Write the listing out again word for word, leaving each picture behind.

*** AVAILABLE DATA ***

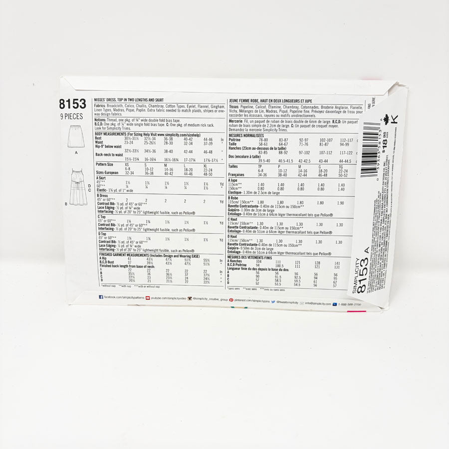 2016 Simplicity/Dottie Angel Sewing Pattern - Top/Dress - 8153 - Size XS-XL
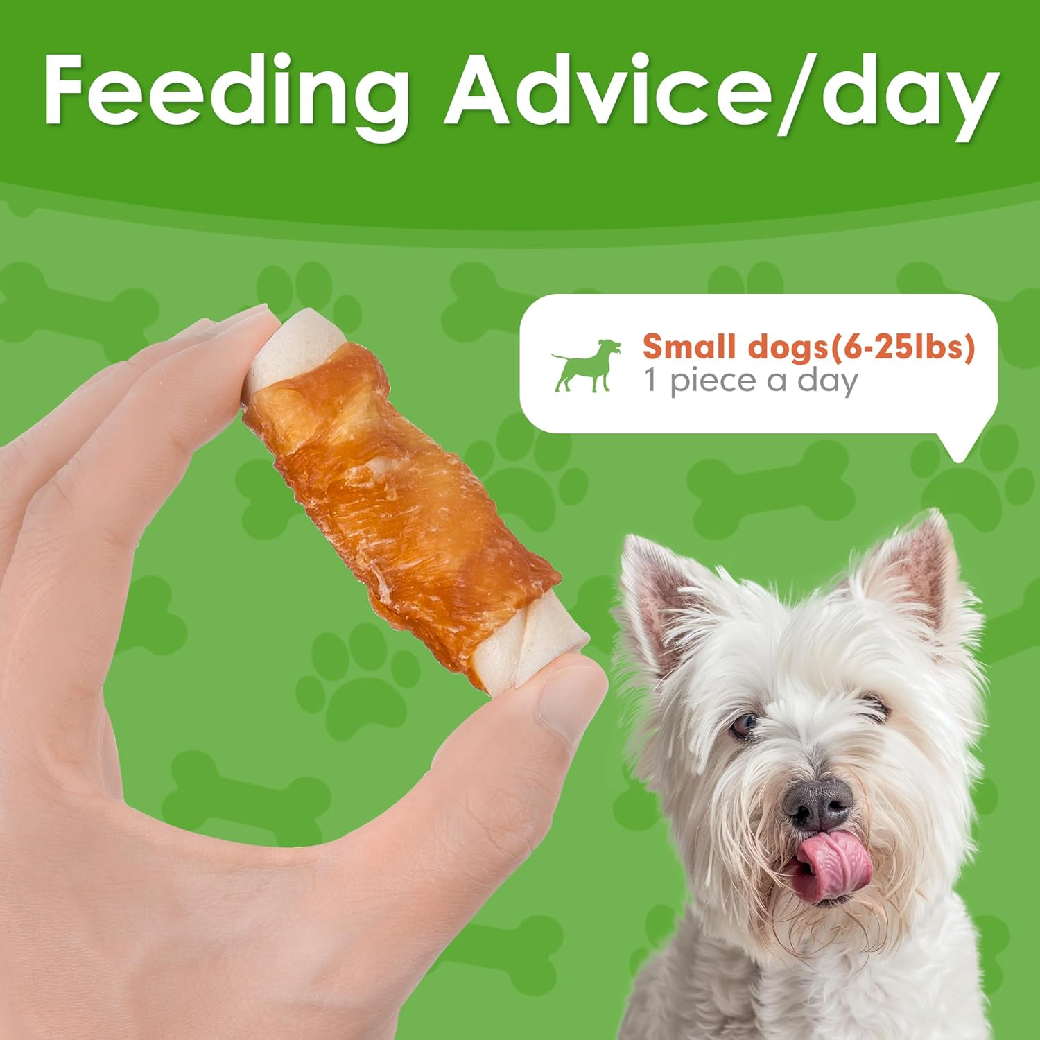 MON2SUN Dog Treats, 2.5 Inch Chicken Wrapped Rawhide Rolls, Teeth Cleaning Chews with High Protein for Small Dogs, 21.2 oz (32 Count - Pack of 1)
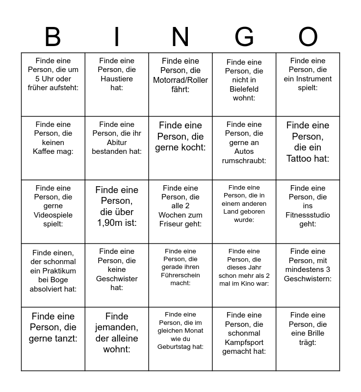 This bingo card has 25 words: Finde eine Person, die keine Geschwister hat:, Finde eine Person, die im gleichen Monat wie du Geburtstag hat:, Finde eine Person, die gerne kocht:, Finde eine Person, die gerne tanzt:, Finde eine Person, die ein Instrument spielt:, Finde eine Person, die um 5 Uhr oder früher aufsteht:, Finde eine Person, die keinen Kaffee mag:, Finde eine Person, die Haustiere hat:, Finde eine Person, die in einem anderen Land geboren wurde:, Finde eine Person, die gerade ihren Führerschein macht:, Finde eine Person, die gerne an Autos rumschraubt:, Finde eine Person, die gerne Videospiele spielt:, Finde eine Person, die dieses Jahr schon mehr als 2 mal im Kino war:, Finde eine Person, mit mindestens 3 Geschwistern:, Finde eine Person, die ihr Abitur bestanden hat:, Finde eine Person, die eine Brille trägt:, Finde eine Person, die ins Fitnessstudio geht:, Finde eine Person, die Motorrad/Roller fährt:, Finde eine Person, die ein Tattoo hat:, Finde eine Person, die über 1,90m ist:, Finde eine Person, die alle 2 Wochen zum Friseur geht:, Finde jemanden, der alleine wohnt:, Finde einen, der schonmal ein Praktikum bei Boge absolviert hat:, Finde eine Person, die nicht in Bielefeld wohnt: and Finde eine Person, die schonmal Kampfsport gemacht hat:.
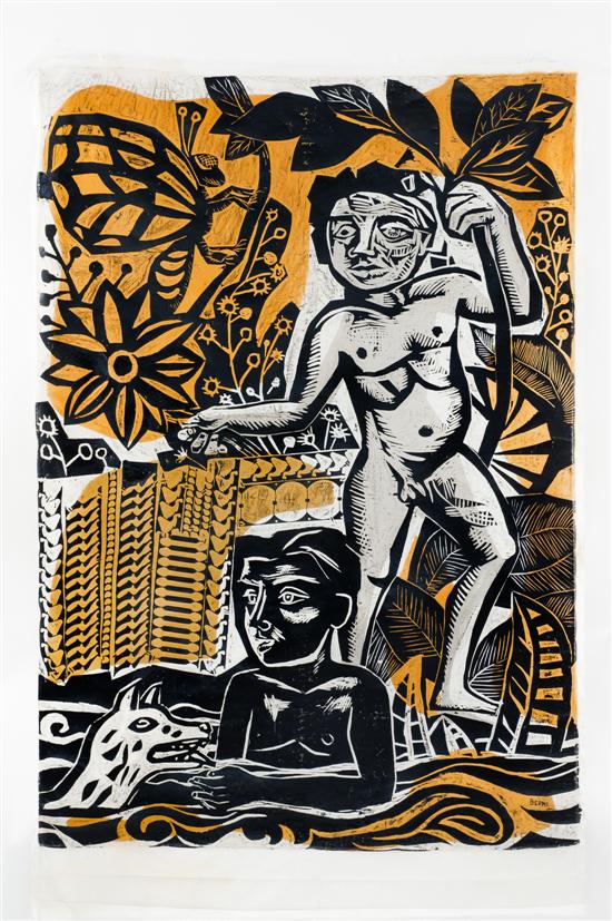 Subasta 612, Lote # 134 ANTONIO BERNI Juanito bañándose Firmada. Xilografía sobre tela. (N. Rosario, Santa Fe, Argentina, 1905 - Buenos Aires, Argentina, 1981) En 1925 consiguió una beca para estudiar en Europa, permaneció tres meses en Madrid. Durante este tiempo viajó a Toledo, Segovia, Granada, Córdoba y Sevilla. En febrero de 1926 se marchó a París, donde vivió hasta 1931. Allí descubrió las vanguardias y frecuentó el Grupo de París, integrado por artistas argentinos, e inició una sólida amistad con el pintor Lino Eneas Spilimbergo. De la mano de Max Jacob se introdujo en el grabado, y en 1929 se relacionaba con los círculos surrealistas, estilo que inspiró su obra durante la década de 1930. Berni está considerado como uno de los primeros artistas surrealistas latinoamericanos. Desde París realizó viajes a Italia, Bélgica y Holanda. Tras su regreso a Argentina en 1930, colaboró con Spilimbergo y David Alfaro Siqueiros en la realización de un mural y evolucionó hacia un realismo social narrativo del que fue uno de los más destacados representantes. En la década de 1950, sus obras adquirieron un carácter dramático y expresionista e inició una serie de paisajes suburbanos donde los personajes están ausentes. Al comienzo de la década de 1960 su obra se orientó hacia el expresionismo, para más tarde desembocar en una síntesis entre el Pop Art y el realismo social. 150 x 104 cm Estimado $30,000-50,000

***

> EXERCISE RESULT:
 2016 Simplicity/Dottie Angel Sewing Pattern - Top/Dress - 8153 - Size XS-XL
 MON2SUN Dog Treats, 2.5 Inch Chicken Wrapped Rawhide Rolls, Teeth Cleaning Chews with High Protein for Small Dogs, 21.2 oz (32 Count - Pack of 1)
 This bingo card has 25 words: Finde eine Person, die keine Geschwister hat:, Finde eine Person, die im gleichen Monat wie du Geburtstag hat:, Finde eine Person, die gerne kocht:, Finde eine Person, die gerne tanzt:, Finde eine Person, die ein Instrument spielt:, Finde eine Person, die um 5 Uhr oder früher aufsteht:, Finde eine Person, die keinen Kaffee mag:, Finde eine Person, die Haustiere hat:, Finde eine Person, die in einem anderen Land geboren wurde:, Finde eine Person, die gerade ihren Führerschein macht:, Finde eine Person, die gerne an Autos rumschraubt:, Finde eine Person, die gerne Videospiele spielt:, Finde eine Person, die dieses Jahr schon mehr als 2 mal im Kino war:, Finde eine Person, mit mindestens 3 Geschwistern:, Finde eine Person, die ihr Abitur bestanden hat:, Finde eine Person, die eine Brille trägt:, Finde eine Person, die ins Fitnessstudio geht:, Finde eine Person, die Motorrad/Roller fährt:, Finde eine Person, die ein Tattoo hat:, Finde eine Person, die über 1,90m ist:, Finde eine Person, die alle 2 Wochen zum Friseur geht:, Finde jemanden, der alleine wohnt:, Finde einen, der schonmal ein Praktikum bei Boge absolviert hat:, Finde eine Person, die nicht in Bielefeld wohnt: and Finde eine Person, die schonmal Kampfsport gemacht hat:.
 Subasta 612, Lote # 134 ANTONIO BERNI Juanito bañándose Firmada. Xilografía sobre tela. (N. Rosario, Santa Fe, Argentina, 1905 - Buenos Aires, Argentina, 1981) En 1925 consiguió una beca para estudiar en Europa, permaneció tres meses en Madrid. Durante este tiempo viajó a Toledo, Segovia, Granada, Córdoba y Sevilla. En febrero de 1926 se marchó a París, donde vivió hasta 1931. Allí descubrió las vanguardias y frecuentó el Grupo de París, integrado por artistas argentinos, e inició una sólida amistad con el pintor Lino Eneas Spilimbergo. De la mano de Max Jacob se introdujo en el grabado, y en 1929 se relacionaba con los círculos surrealistas, estilo que inspiró su obra durante la década de 1930. Berni está considerado como uno de los primeros artistas surrealistas latinoamericanos. Desde París realizó viajes a Italia, Bélgica y Holanda. Tras su regreso a Argentina en 1930, colaboró con Spilimbergo y David Alfaro Siqueiros en la realización de un mural y evolucionó hacia un realismo social narrativo del que fue uno de los más destacados representantes. En la década de 1950, sus obras adquirieron un carácter dramático y expresionista e inició una serie de paisajes suburbanos donde los personajes están ausentes. Al comienzo de la década de 1960 su obra se orientó hacia el expresionismo, para más tarde desembocar en una síntesis entre el Pop Art y el realismo social. 150 x 104 cm Estimado $30,000-50,000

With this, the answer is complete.